**EXERCISE GOAL**
Produce a faithful copy of the data, one that leaves out the pictures.

**SUPPLIED MATERIAL**
============
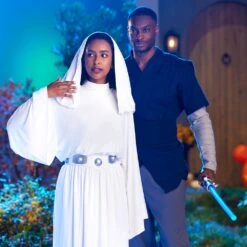 Get into character as you prepare for your next Star Wars adventure. Imagine yourself as Princess Leia in this detailed replica of her iconic dress. With its draped fabric, attached hood, and simulated leather belt you’ll feel like royalty on your epic Star Wars mission.
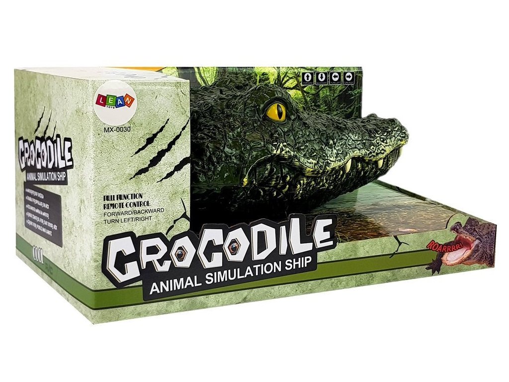 Tvar krokodýlí hlavy byl reprodukován velmi realisticky. Ostré a hladké zuby, žluté oči a zelená kůže pokrytá šupinami připomínají skutečného krokodýla. Tato verze je tak děsivá, jak jen může být, ideální pro hraní v letních večerech u rybníka nebo v bazénu. Možnost dálkového ovládání potěší a rozvine manuální zručnost vašeho dítěte.
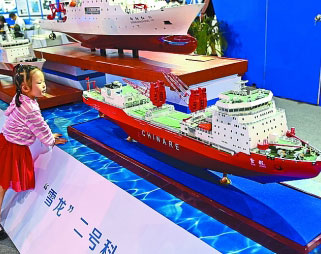 第二十一屆中國北京國際科技產(chǎn)業(yè)博覽會集中展示高精尖科技成果,分享科技產(chǎn)業(yè)發(fā)展新理念新模式新思路。圖為小朋友在仔細(xì)打量“雪龍”二號科考船模型。新華社發(fā)
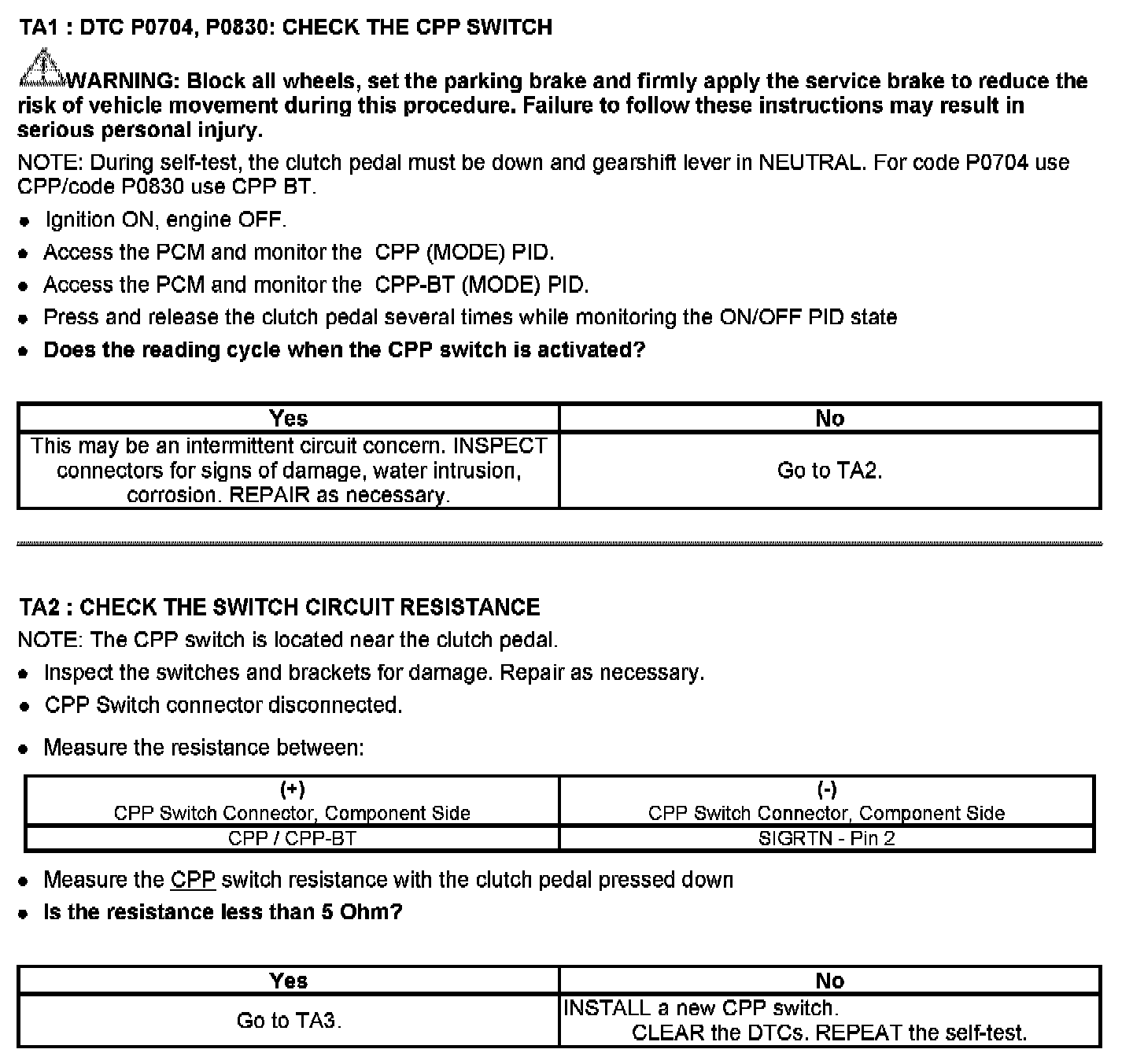 Tests TA: Clutch Pedal Position (CPP) Switch
============
**WRITTEN ANSWER**
 Get into character as you prepare for your next Star Wars adventure. Imagine yourself as Princess Leia in this detailed replica of her iconic dress. With its draped fabric, attached hood, and simulated leather belt you’ll feel like royalty on your epic Star Wars mission.
 Tvar krokodýlí hlavy byl reprodukován velmi realisticky. Ostré a hladké zuby, žluté oči a zelená kůže pokrytá šupinami připomínají skutečného krokodýla. Tato verze je tak děsivá, jak jen může být, ideální pro hraní v letních večerech u rybníka nebo v bazénu. Možnost dálkového ovládání potěší a rozvine manuální zručnost vašeho dítěte.
 第二十一屆中國北京國際科技產(chǎn)業(yè)博覽會集中展示高精尖科技成果,分享科技產(chǎn)業(yè)發(fā)展新理念新模式新思路。圖為小朋友在仔細(xì)打量“雪龍”二號科考船模型。新華社發(fā)
 Tests TA: Clutch Pedal Position (CPP) Switch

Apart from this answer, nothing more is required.